Here's a shower pic, and a close-up of the "hole".


----------



## oh'mike (Sep 18, 2009)

Oh,boy-------------I think you are in trouble-----How to build a shower - Building a shower pan with pre-sloped mortar bed, liner and curb.

I think you have an improperly installed liner------in which case you have a tear out.

do a flood test by plugging the drain with an inflatable plug---fill and let it sit for 24 hours.

If that hold water for 24 hours--start looking for a leak in the shower arm---or other water leak above the curb---

I don't think it will pass the flood test----sorry----


----------



## akilinski (Mar 5, 2013)

Thanks, Mike. Both times I plugged the drain to soak the floor, the shower floor was dry within hours...so that fails the test doesn't it?


----------



## oh'mike (Sep 18, 2009)

Yep----you have a leaker----sorry to be the bearer of bag news---

That link shows one method of shower building--

There are a couple of others---

The Schluter system and other like that use a surface membrane---very dependable--

Latacrete has Hydroban---another surface membrane ,but painted on---

You have a tear out----retire that shower until you can get it replaced----


----------



## jagans (Oct 21, 2012)

Get a Lawyer, and take a lot of pictures as the real tile people take the old one apart. All the work I see in your photos was done by a hack, plumbing, carpentry, and tile. What makes a paint manufacturer think they know how to remodel a bathroom?????

Missing grout should not matter a hoot to water tightness.


----------



## oh'mike (Sep 18, 2009)

That test you did was probably not exactly right---that pan has two drains--one above the tile and one below ,to drain the membrane----so an inflatable drain plug must be used to stop both drains.

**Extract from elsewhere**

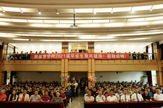 体育学院院长曾晓进为完成学习计划,符合毕业标准的31名研究生和248名本科生送上了最真挚的祝福,并从感恩、奋进两个关键词寄语毕业生们要明责任、敢担当,善待家人、朋友和他人,将“修身 明志 立德 铸魂”的院训和做人、做事、做学问的体院精神永远传承下去。

That being said----you still have a leaker---I just wanted to tell you that to avoid being told you did the test wrong by the installer----

Some people should not build shower pans-----while not rocket science---they must be done correctly----


----------



## Ghostmaker (Mar 2, 2013)

Tear it out the original installer did not pan the shower correctly... Also sue the seller for not disclosing it. Contact your local code authority and see if permits were issued it will help if they hacked it all in without one.


----------



## akilinski (Mar 5, 2013)

Sherwin Williams' answer - The installer came by today and said the curb tile needed more of a slope, so they replaced some of the tile. He thought the curb was holding water. He also said the smell was probably because the shower is so enclosed and only has that 23" wide opening (i'm calling BS on this). This guy's english wasn't very good, so I let him do his thing - then i'll push for a tear out and re-do once this happens again in a couple days.


----------



## akilinski (Mar 5, 2013)

PS - where can I get an inflatable drain plug?


----------



## oh'mike (Sep 18, 2009)

Any plumbing supply house---tell them you are doing a flood test on a shower with a two inch drain---

Very common item-----


----------



## Ghostmaker (Mar 2, 2013)

Tear it out or one day you will fall through the floor.


----------